South African journalists were declared to be
performing essential services and therefore
allowed to move freely during the lockdown.
Yet Johannesburg freelancer Yeshiel Panchia
was harassed on the way back from covering a
local story by a policewoman who disputed his
essential worker status.86

On the first day of South Africa’s Covid-19
lockdown police fired a rubber bullet, which
luckily missed, at reporter Azarrah Karrim while
she was recording with her camera. She had
identified herself as media.

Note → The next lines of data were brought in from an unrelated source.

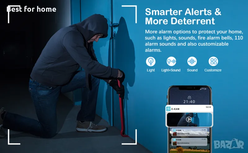 Множество опции за аларма за защита на вашия дом, като светлини, звуци, тонове за пожарна аларма, звуци на 110 аларми... и също персонализируеми аларми.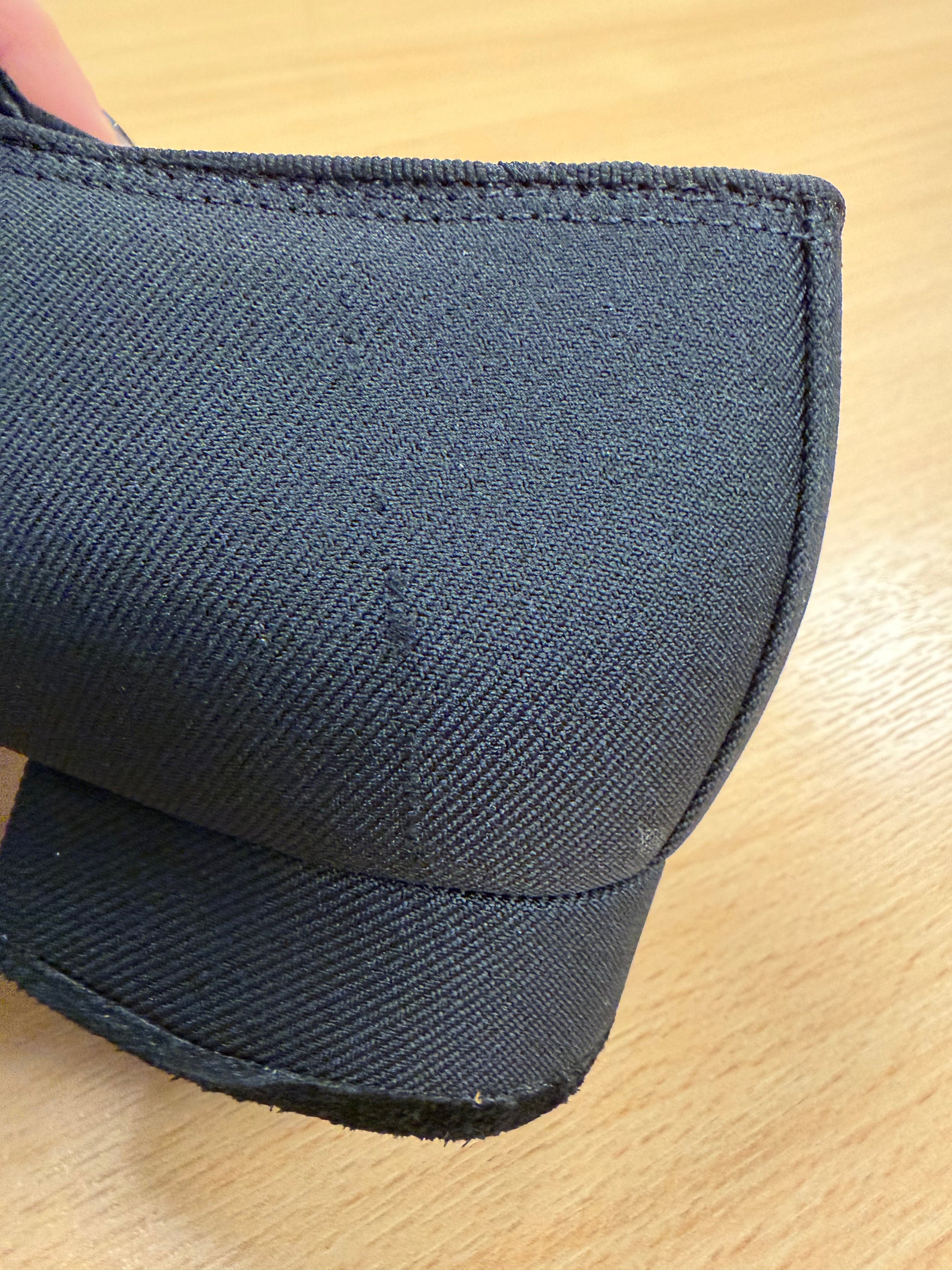 Factory reject: Thread pulled on the left foot, as seen in photo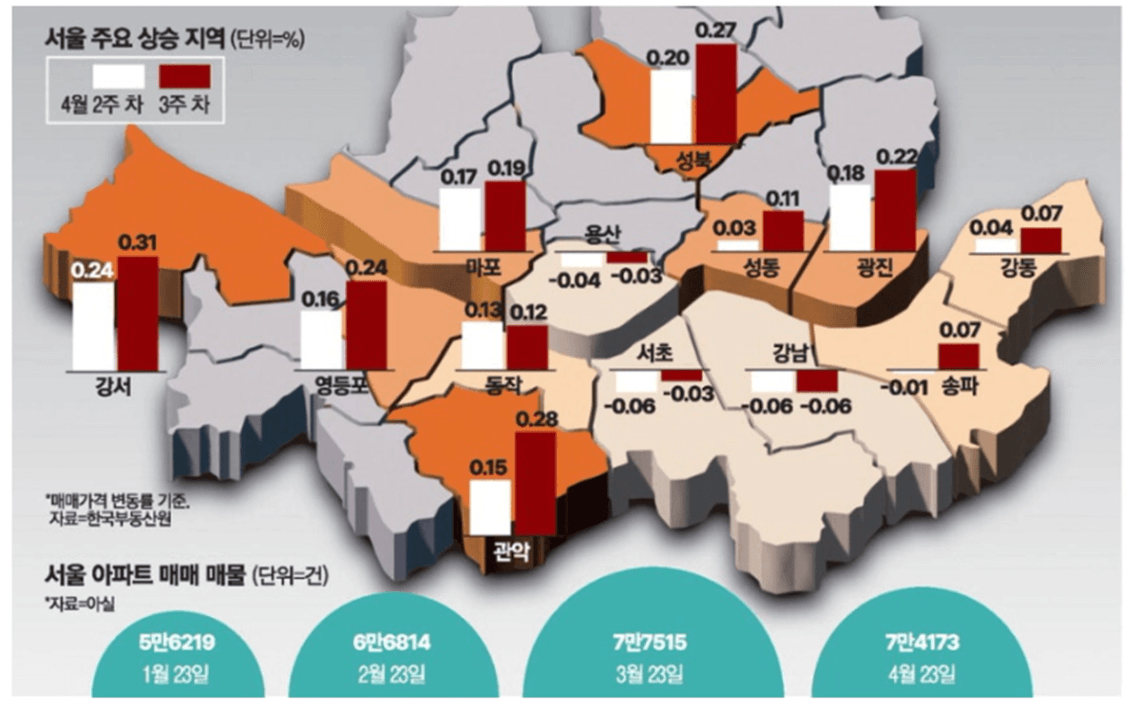 특히 강서·관악·성북처럼 중저가 아파트가 많은 지역에서 상승세가 두드러지고 있습니다.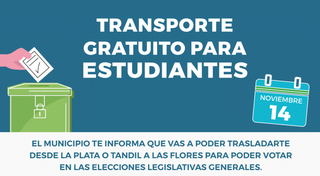 La Secretaría de Educación comunica a estudiantes universitarios que residen en las ciudades de La Plata y Tandil, que el municipio dispondrá de transporte gratuito para trasladarse a Las Flores, con motivo de desarrollarse el domingo 14 de noviembre, las Elecciones Legislativas generales.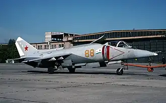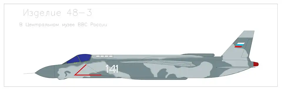 Як-141 (внутреннее обозначение: изделие 48/48М) — многоцелевой сверхзвуковой всепогодный[9] палубный истребитель вертикального/короткого взлёта и посадки разработки ОКБ Яковлева. Стал третьим в мире СВВП (после EWR VJ 101 и Dassault Mirage IIIV), преодолевшим скорость звука. Як-141 предназначался для обеспечения прикрытия авианосных соединений от авиации противника, завоевания и удержания господства в воздухе, ведения ближнего манёвренного и дальнего боя, а также для нанесения ударов по наземным и надводным целям[10].

On the same day
police stopped photographer Tacey Adam filming,
despite her protestations.87 South African police
reportedly assaulted and charged journalist Paul
Nthoba after he photographed them during a
COVID-19 lockdown.
Writer and columnist, Ismail Lagardien had
his jaw broken in October by a brick thrown
through the window of his car while covering a
violent protest in Kleinmond east of Cape Town
about the arrest of people on abalone poaching

86. Courtney Radsch, “Freelance Journalists Risk Lives and Livelihoods amid COVID-19 Pandemic,” Committee to Protect
Journalists (blog), April 23, 2020, https://cpj.org/2020/04/freelance-journalists-risk-lives-and- livelihoods-a/.
87. Jonathan Rozen, “OPINIONISTA: We Need Journalists to Be Our Window on a Wider World,
Especially during Lockdown,” Daily Maverick, April 2, 2020, https://www.dailymaverick.co.za/
opinionista/2020-04-03-we-need- journalists-to-be-our-window-on-a-wider-world-especially-during-lockdown/.